ProtonMail Accused of Spying on Users and Assisting Law Enforcement

In mid-May, Stephan Walder, head of the Swiss Cybercrime Center and a prosecutor, gave a presentation at a security conference. Swiss attorney Martin Steiger live-tweeted the event. According to Steiger’s tweets, Walder directly stated that ProtonMail voluntarily assists authorities and monitors its users in near real-time, allegedly without requiring a federal court order.

Following the event, Steiger published a detailed blog post explaining how IT companies are expected to cooperate with authorities under Swiss law. While ProtonMail is an encrypted email service and the company cannot access the actual content of users’ emails, the developers do have access to metadata. Steiger, referencing practices of the U.S. National Security Agency, noted that metadata can also be extremely valuable to law enforcement and intelligence agencies.

Steiger emphasized that ProtonMail is based in Switzerland and uses this as a marketing advantage, citing strict Swiss privacy laws. However, in reality, the service is subject to local laws, and according to Walder, allegedly even voluntarily assists law enforcement.

After Steiger’s publication gained attention from the community and media, Walder contacted the attorney and claimed he was misquoted regarding ProtonMail. However, Steiger insists that he did not make a mistake.

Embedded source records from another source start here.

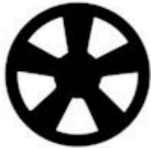
Optional with GT when not equipped with Black Accent Package 19" x 8.5" Polished Aluminum

مخلف بمجموعة اللمسات السوداء متوفرة مع GT مخلف من الالومنيوم المطلي باللون الاسود اللامع قياس 19 * 8.5 بوصة
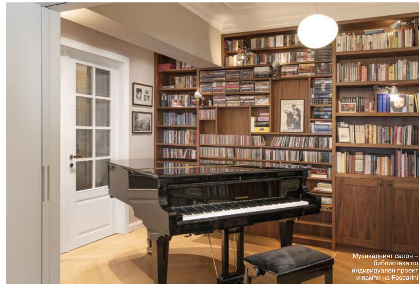
Музикалният салон – библиотека по индивидуален проект и лампи на Foscarini

и внася динамика във входното пространство.
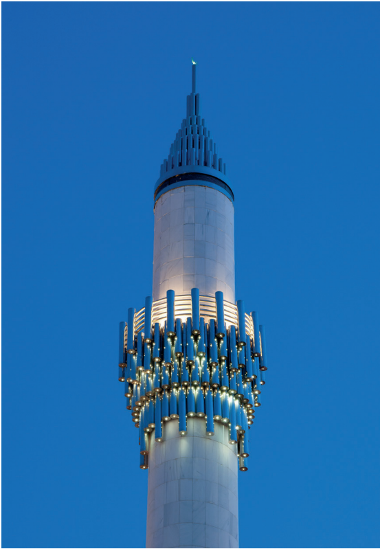
Resim 15- İstanbul Yeşil Vadi Camii. Minare şerefesi.
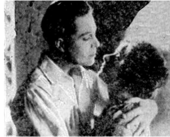
1921 LOVE'S REDEMPTION d'Albert Parker avec Harrison Ford
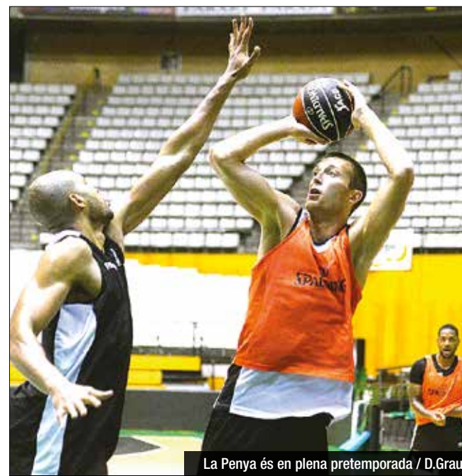
La Penya és en plena pretemporada

trenar amb intensitat cada dia per influir positivament en els meus companys", adverteix l'exterior verd-i-negre. El combo-guard del Divina es considera "un jugador amb capacitat per fer una mica de tot". "Puc llançar bé a cistella, aportar dribbling, dirigir els meus companys a pista i també m'agrada defensar", assegura. Per en Patrick, afrontar al costat de la seva família una nova aventura a Badalona suposa un repte apassionant. "Fa sis anys que vaig acabar la universitat, però a nivell professional les coses no van començar bé a causa d'una lesió. Vaig haver de començar de zero a Austràlia. Des d'allà em vaig guanyar fer el salt", recorda l'exterior del Divina.
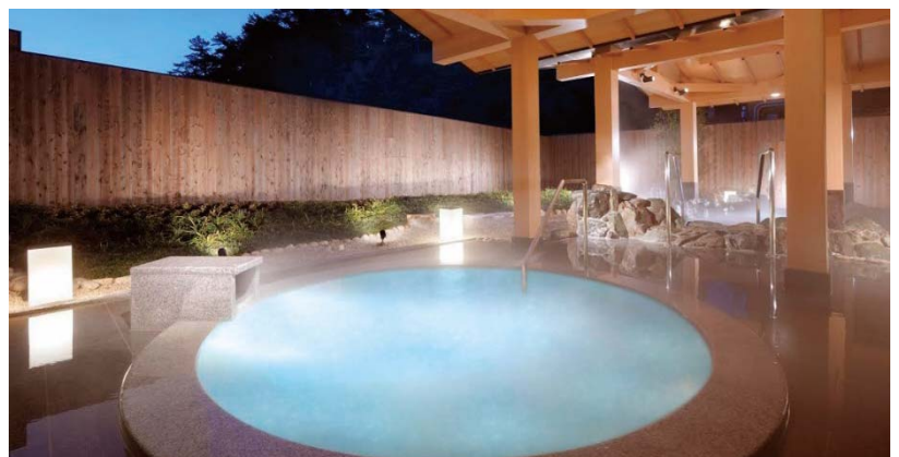
パールオーロラ風呂
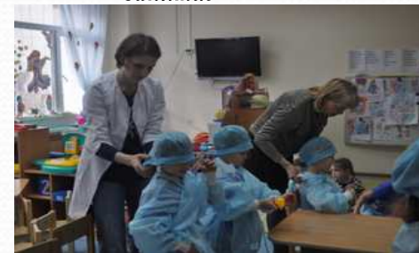
В гости к детям пришел врач-нефролог. (апрель 2015 г.)
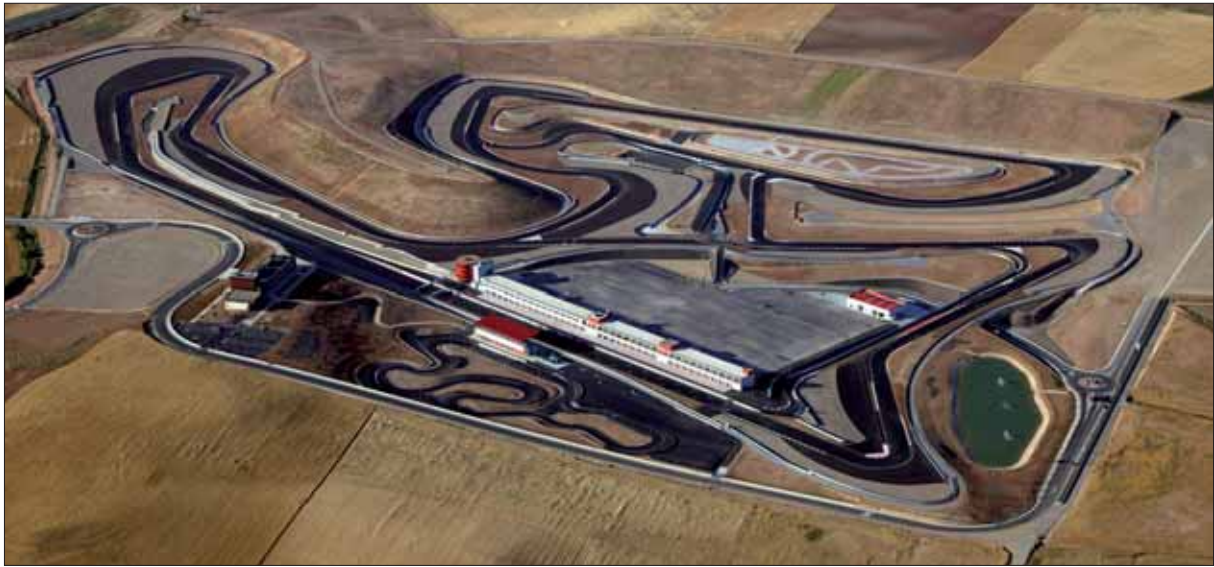
Circuito de Navarra.

Ubicado en la localidad navarra de Los Arcos, a tan sólo 58 kilómetros por autovía de su capital Pamplona, el Circuito de Navarra se asienta un enclave estratégico dado el potencial económico de Navarra, el turismo de la región y, sobre todo, por los más de 290 días secos al año que disfruta la zona. Todas estas ventajas sumadas a la calidad y cantidad de pistas e instalaciones del complejo, hacen del Circuito de Navarra un referente del motor en el norte de España y sur de Francia.
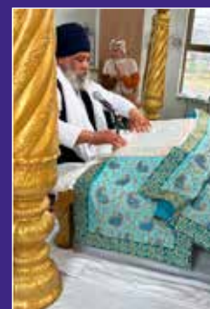
Voor een Sikh is muziek de taal van de ziel. Je vindt ze op internet onder: 'punjabi music' of 'sikh music'.
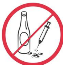
Napoje alkoholowe, narkotyki, substancje pobudzające, psychotropowe
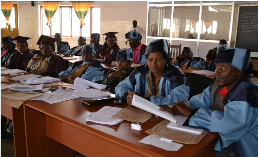
Madiwani wa Halmshauri ya wilaya ya Njombe wakiwa katika kikao cha baraza la madiwani baada ya kuzinduliwa kwa baraza hilo.

Aidha, ili kuhakikisha madiwani wanatekeleza wajibu wao kwa uhakika, walipewa mafunzo ya kuwajengea uwezo. Mafunzo hayo yalijikita kuwapa uwezo wa kutekeleza vizuri wajibu wao. Mafunzo hayo yalihusu Wajibu wa madiwani katika Halmashauri, Dhana ya utawala bora, Kanuni za kudumu za Halmashauri pamoja na ujazaji wa tamko la viongozi wa umma kuhusu mali na madeni.
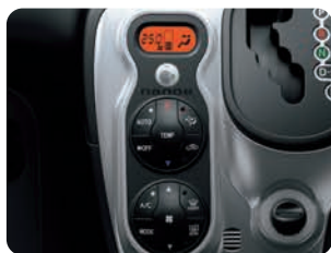
オートエアコン(花粉除去モード付)& プッシュ式ヒーターコントロールパネル& 「ナノイー」
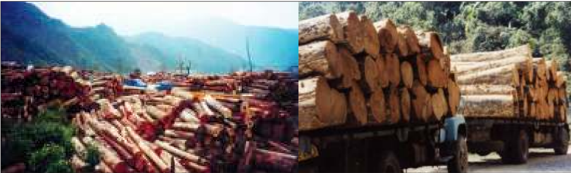
ကချင်ပြည်နယ်ဒေသအတွင်း ခုတ်ယူထုတ်နေသော မြန်မာ့အစိုးရတန်သစ်များ

၎င်းက “မြန်မာနိုင်ငံက သစ်တောပြုန်းတီးမှုအကြောင်း ကျနော်တို့ ပြောနေတာက သစ်တောထိန်းသိမ်းဖို့တခုတည်းမဟုတ်ပါဘူး။ မြန်မာ့သဘာဝအရင်းအမြစ်ပြုန်းတီးရတာဟာ လက်ရှိနိုင်ငံရေး ပဋိပက္ခတွေကြောင့်ဖြစ်ပါတယ်။ ကျနော်တို့ အဓိကမီးမောင်းထိုးပြချင်တာက ကချင်ပြည်နယ်က သစ်ပင်တွေ ခုတ်လိုက်လို့ ကချင်ဒေသခံတွေဘာမှ အကျိုးမဖြစ်လာတဲ့ကိစ္စပါ။ ဒီကိစ္စကို အချိန်မနှောင်းခင် ဖြေရှင်းဖို့ လိုမယ်လို့ ယူဆပါတယ်”ဟု သတိပေး ပြောကြားသွားသည်။ ❖
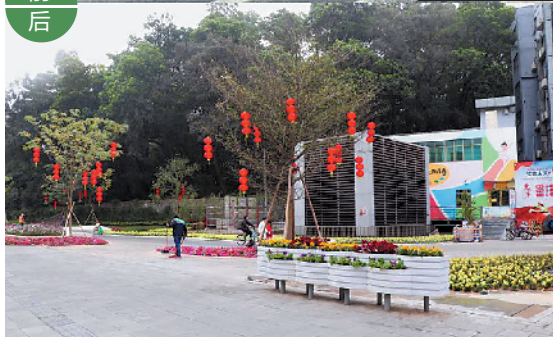
“永泰站广场”拆违建复绿前后对比
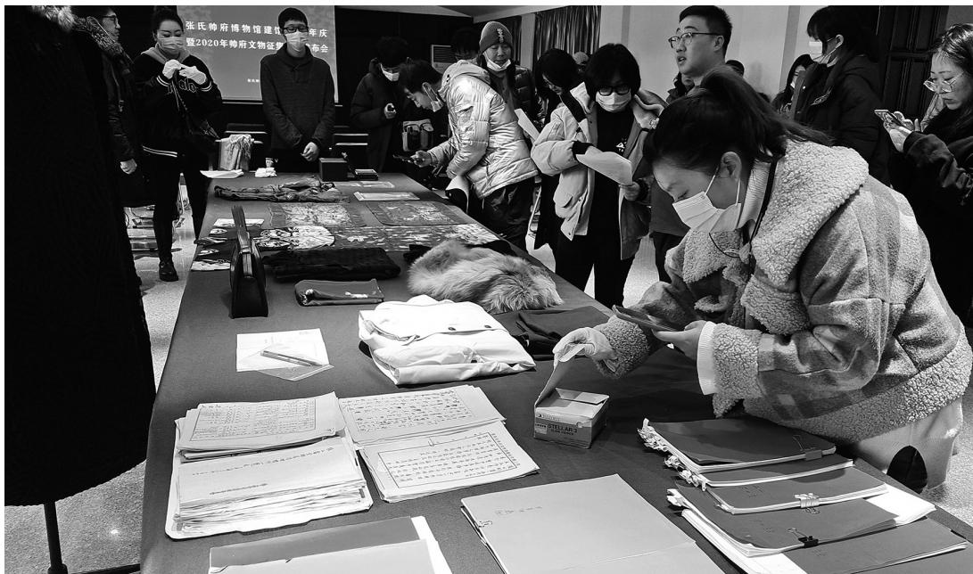
昨日,张氏帅府博物馆建馆32周年庆暨2020年帅府文物征集成果发布会在帅府举行。

这份珍贵的《张三奎堂财产清理工作概况》,揭秘了九一八事变后,日军占领张学良官邸,造成有关张学良的公私财产损失状况。也从侧面反映了张氏家族在东北的财产情况。
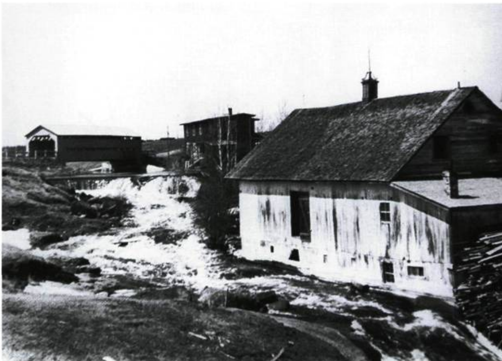
Moulin des Laurendeau bâti en 1902 fin des opérations en 1959

Le dimanche était strictement respecté. On récitait le chapelet l'avant-midi et l'après-midi c'était le lavage du linge; les conditions d'hygiène étaient bien élémentaires. Dans nos temps libres on jouait
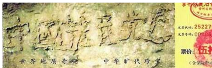
贵州藏字石天然断面上六个字：中国共产党亡，昭示着“天灭中共”的天意。图为风景区门票。

现如今有一个重大的选择摆在了我们面前，那就是“天灭中共、三退（退出中共党团队）保命”。中共在历次政治斗争中迫害死了八千万人，还活体摘取法轮功学员的器官，已经十恶不赦。而三退是为了废除加入中共时立下的把生命献给它的毒誓，是为了顺应天意保全性命。目前三退大潮的人数已经到达 5800 万，每天都有数以万计的人在海外大纪元网站声明三退。善良的朋友，愿您也能早日作出正确的选择。◇
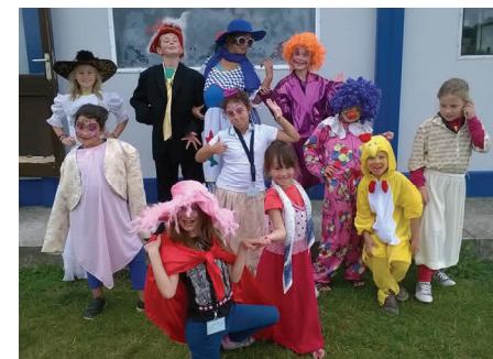
Promotiefoto's van deze activiteiten kunnen gepubliceerd worden. Bij bezwaar: info@sportmelle.be

Van ieder kind onder de twaalf jaar zal je na de zomer een gebruiksaanwijzing krijgen hoe je het fiscaal attest kan afprinten.
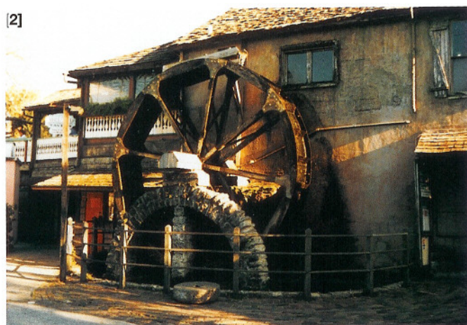
[1] De 'City Hall' met op de eerste verdieping het Lightner-museum [2] Spaanse bakkerij met de watermolen aan de straatkant

door de City Gate zien we vlakbij de zeekust de vestingmuren al opdoemen in de schitterende donkergele avondzon. Deze Spaanse vesting heeft de karakteristieke vorm van een citadel, die zorgt voor prachtige slagschaduw in de ondergaande zon. De kanonnen staan nog steeds strategisch opgesteld met hun loop op zee gericht. 'De vesting heeft in 1702 en in 1740 stand gehouden tegen vijandige aanvallen door onder meer de Britse legers', vertelt de reisgids ons.
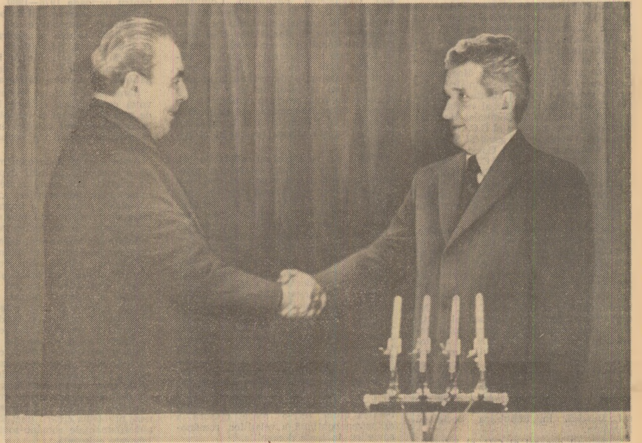
La mingul prieteniei româno-sovietice

Tovarășul Nicolae Ceaușescu, secretar general al Partidului Comunist Român, președintele Republicii Socialiste România, și tovarășul Leonid Ilici Brejnev, secretar general al Comitetului Central al Partidului Comunist al Uniunii Sovietice, au semnat, miercuri dimineața, la Palatul Consiliului de Stat, în cadrul unei ceremonii, Declarația privind dezvoltarea continuă a colaborării și prieteniei frățești între Partidul Comunist Român și Partidul Comunist al Uniunii Sovietice, între România și Uniunea Sovietică.
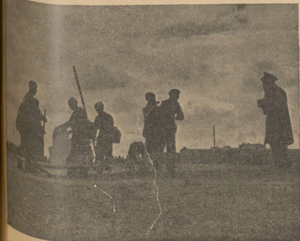
Los heroicos camilleros del Ejército Popular que con arrojo y heroísmo cumplen su trabajo en los puestos de más peligro de todos los frentes

Hay, pues, que desarrollar intensamente esta corriente de evadidos a nuestras filas, que cada día aumenta. Facilitarles por medio de propaganda oral y escrita los ánimos para ello y en ocasiones los medios de que se pueden valer. Altavoz del Frente Sur, respondiendo a esta necesidad, y para facilitar este trabajo, está intensificando la preparación de medios para ella. Preguntá por los grandes altavoces transportables, que son de gran utilidad para distancias más cortas, cohetes para lanzarlas, etc.
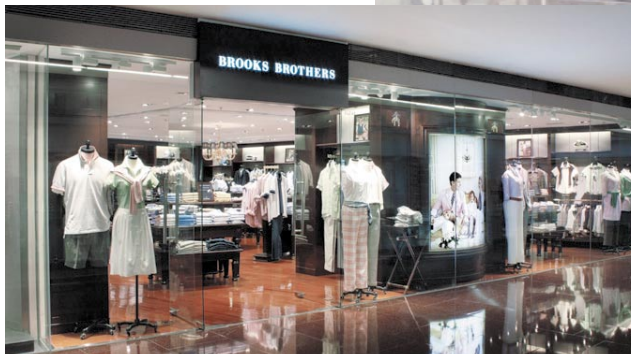
Brooks Brothers boutique at Festival Walk, Kowloon Tong, Hong Kong.
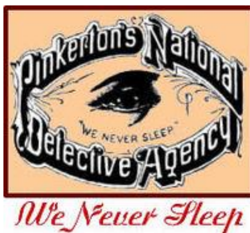
Obrázek 2 – Logo Pinkertonů

Byly to Spojené státy, které posunuly vývoj razantněji a tou osobou, byl Skot Allan Pinkerton. Pinkerton založil svou Pinkerton national detective agency v roce 1850.
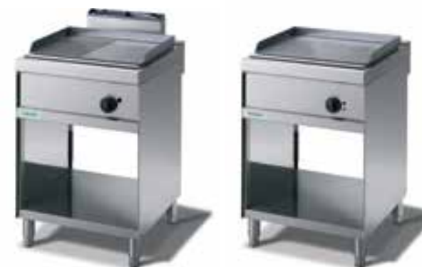
Fry-top Gas/Elettrici lisci, rigati, misti
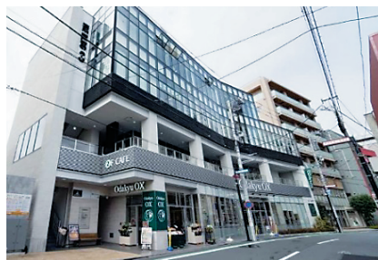
当社も入居する開発支援を行った商業ビル

た自然に囲まれた地域であり、江戸時代には、多摩川と旧津久井街道の終節点にある宿場町としてにぎわいました。その後もJR南武線や小田急線の交通結節点として発展してきましたが、急速な市街化に公共施設の整備が追いつかず、生活環境の悪化等が指摘されるようになったことから、その解決策として開始されたのが、現在の登戸土地区画整理事業です。土地区画整理事業では街全体を更地にし、一から道路や建物をつくり直します。対象エリアは、登戸駅から向ヶ丘遊園駅北側の約37.2ha(東京ドーム約8個分)と広大でしたが、いよいよ登戸駅周辺と向ヶ丘遊園駅周辺を残すのみとなっています。
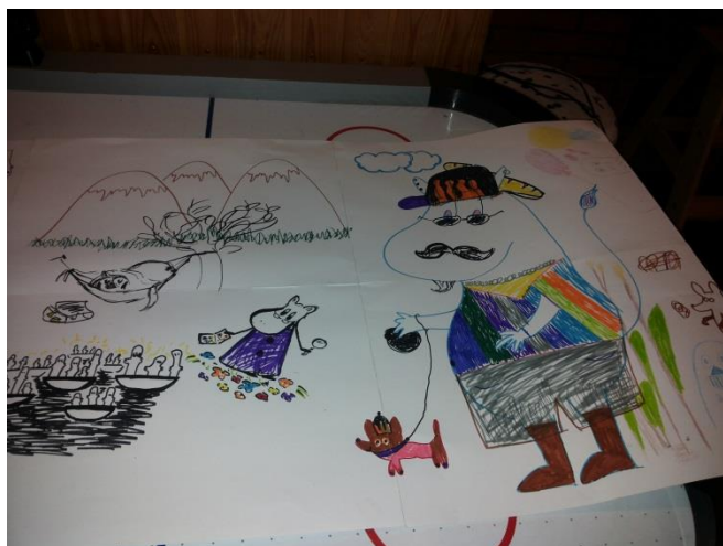
Kuva 1: Ensimmäinen suunnitelma

Olimme valmiiksi teipanneet yhteen kuusi A3- paperia, jotta saisimme suuren yhtenäisen pa-perin, jolle mahtuisimme kaikki yhtä aikaa piirtämään. Piirtämisen alussa nuoret eivät oikein uskaltaneet aloittaa piirtämistä, joten me aloitimme. Mutta sitten kun nuoret pääsivät alku-jännityksestä, niin piirtämisestä ei meinannut tulla edes loppua! Yksi nuorista seurasi piirtä-mistä jonkin aikaa, mutta ei halunnut itse piirtää, minkä jälkeen lähti omiin hommiinsa. Kol-me nuorta piirsi ahkerasti jokainen oman taitonsa mukaan, ja tuloksena oli erittäin luova pii-rustus. Vaikka aiheena olivat muumit, ei piirustus ollut perinteisten mummien näköisiä, vaan nuoret olivat käyttäneet luovuuttaan ja muuttaneet mummimaailman hahmojen ulkonäköä erittäin värikkäästi. Piirroksen tultua valmiiksi, nuoret halusivat vielä käydä teippaamassa sen seinälle, minne tulemme tekemään lopullisen tilataideteoksen.
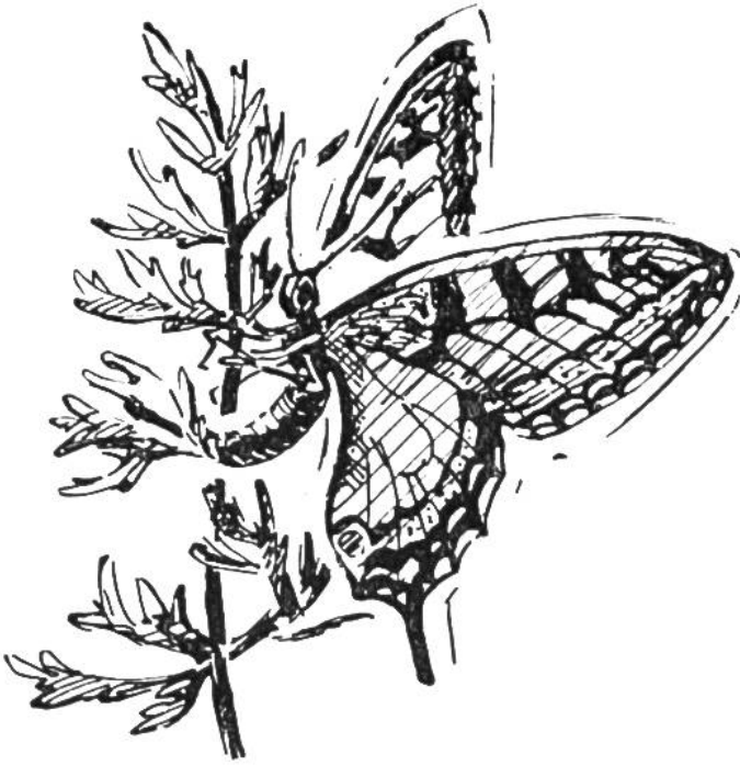
Schwabenschwanz, ein Ei an eine Möhre heftend.

nur scheint bei ihm der Zug dichter aufgeschlossen, so dass es manchmal aussieht wie loses Schneegestöber mitten im Sommer. Unser prächtiger Admiral gehört ebenfalls zu den „Wandernern“, aber man hat noch keine geschlossenen Züge beobachtet. Wäre es bei Nacht nicht so dunkel, so könnten wir noch eine ganze Anzahl feststellen, vor allem die Schwär-
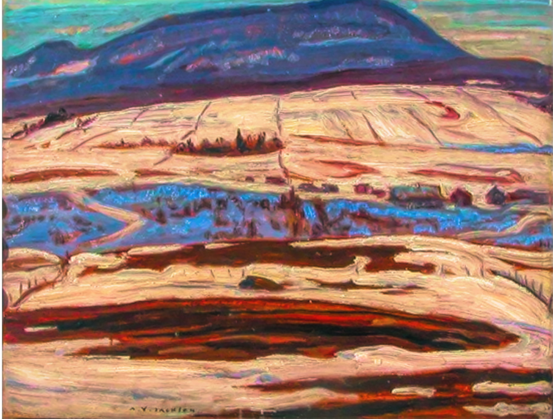
Morning, St-Tite-des-Caps par Alexander Young (A. Y.) Jackson Huile sur toile, 8.5" x 10.5"
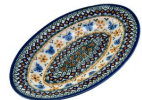
12-21 Półmisek owalny H=2,6cm, 17x24cm
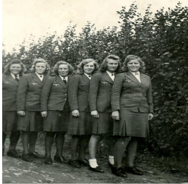
Resim 15: Blitzmädel gurbunu resmeden 1943 yılına ait bir fotoğraf.
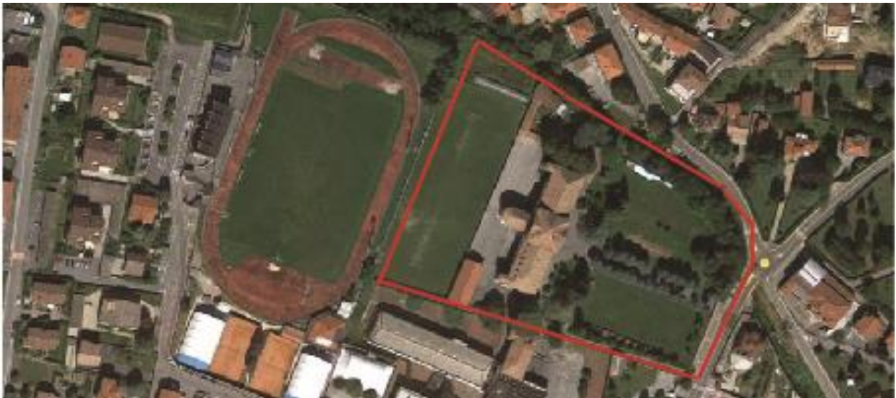
Foto satellitare, evidenziata in rosso l'area d'intervento.

L'attuale eterogeneità e molteplicità di destinazione d'uso, in certi casi disomogenee e non congrue con la missione educativa a cui la Fondazione è votata statutariamente, ha condotto analisi precedenti il progetto che hanno portato a formulare una riorganizzazione ed una razionalizzazione funzionale dell'intero edificio.
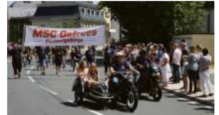
Gefrees-Wiesenfest MSC Gefrees: Ein Bild seines sportlichen Angebots stellt der MSC Gefrees im Festzug vor.
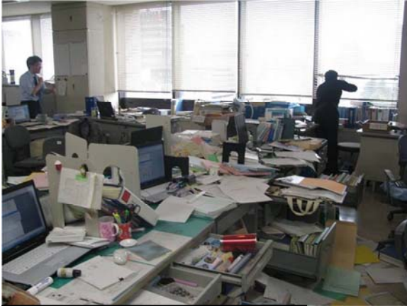
地震により書類等が散乱した執務室
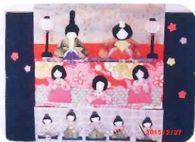
《雛飾り》 今年は五人ばやしが増えました。
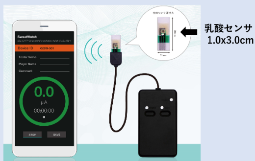
汗中乳酸測定ウェアラブル機器
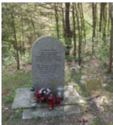
Pomnik upamiętniający śmierć więźniów obozu koncentracyjnego w Bliżynie

The growing controversy prompted ProtonMail representatives to issue an official response. The company maintains that it complies with Swiss law, but not in violation of its own service rules. Moreover, information is only provided to law enforcement as part of criminal investigations and exclusively with a court order. The company also stressed that it does not engage in any form of proactive surveillance of its users. “The claim that we do this voluntarily is completely false,” the ProtonMail administration stated.

Martin Steiger remains confident in his position and believes that the company has not answered some of the questions he raised in his article. Furthermore, Steiger reports that ProtonMail representatives have threatened him with a defamation lawsuit.